CA chief on "slaying the complexity dragon"

CA chief John Swainson today renewed calls for CIOs to be on the executive table for businesses to save money during the global financial crisis.

Australians spend an average of 65 percent IT budgets on 'running the business' over the last year, Gartner says, compared to 17 percent on growth and 19 percent on transformation. A 2008 survey of 175 global CIOs by Harvard Law School and Sloan business schools found eighty percent have a seat on the senior leadership team and 69 percent are involved in strategic decision-making.

Swainson said CIOs are crucial to cut costs because IT is the most under-utilised and complex resources in business.

"It takes more than just talk to align IT to the business so it's only fitting that the CIO sits with the CFO and CEO... they have come to the realisation that IT is the only way to drive new business, new customers, and drive revenue to the bottom line," Swainson said.

"Dump the techno-lingo and talk to the business in terms they understand; help them focus on operations, risk and security management and availability.

"The companies that drive innovation are the ones that will succeed now [and] will be the first to seize opportunities as they arise."

Swainson urged CIOs to brush aside hype surrounding the global financial crisis and focus on reducing IT complexity, which he said derives from the "deluge" of new products that are "layered into an already complex environment".

"The guessing game in the global financial crisis is a distraction; turn off the telly and stay focused... don't get paralysed by fear because there are lots of opportunities to go after the root causes of complexity," he said, adding that "slaying the complexity dragon is about good IT management".

Technology managers will face a crack-downs from the business in the wake of the financial crisis if their IT shops are inefficient and not completely in-line with business operations, according to Swainson. He says CIOs should standardised functions and processes, share services and automate manual tasks where possible, and "measure everything".

"IT must become more customer centric than ever... and should be managed according to the needs of customers, [rather] than the way the technology dictates."

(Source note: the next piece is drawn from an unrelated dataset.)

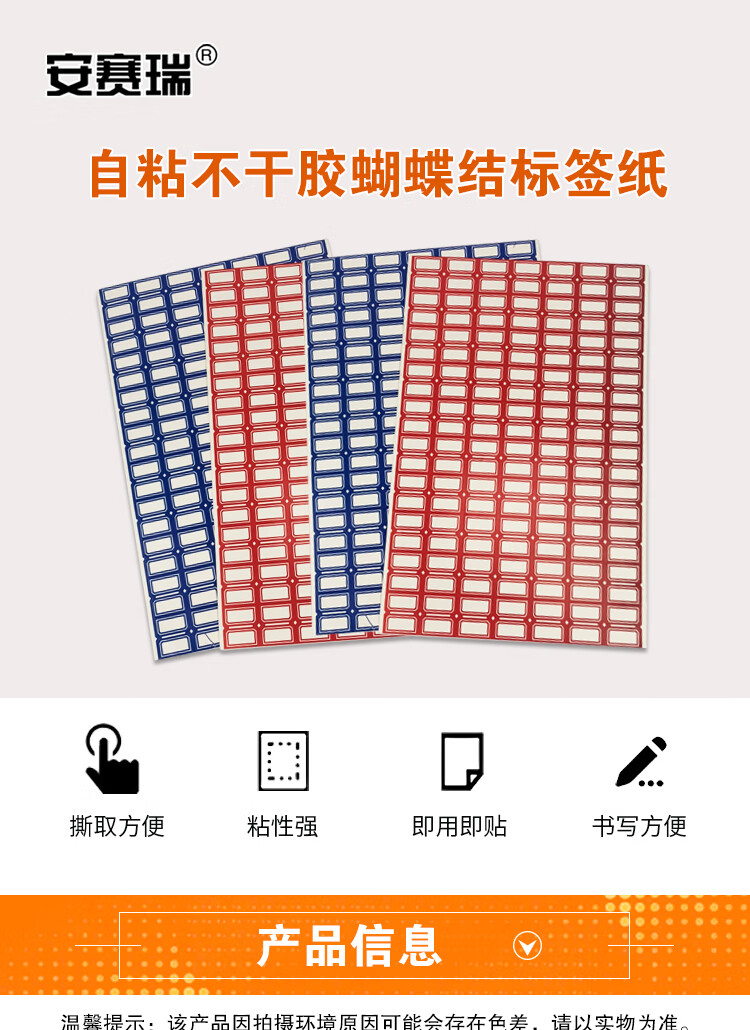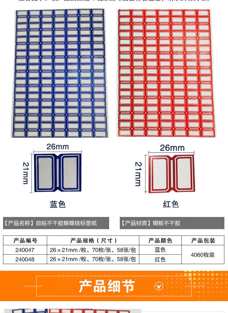 蝴蝶结造型标签,单枚尺寸为26×21mm,每包含58张,每张70枚,总计4060枚,数量充足

Businesses can achieve the touted productivity gains of virtualisation by improving management of virtual machines, Swainson said, and prepare for service-oriented architecture by researching how to manage applications shared over distributed environments.

"Management tools are the killers applications of virtualisation and are the only way to drive the compelling business advantages of [the technology]."

Swainson was speaking at a CA event in Sydney today.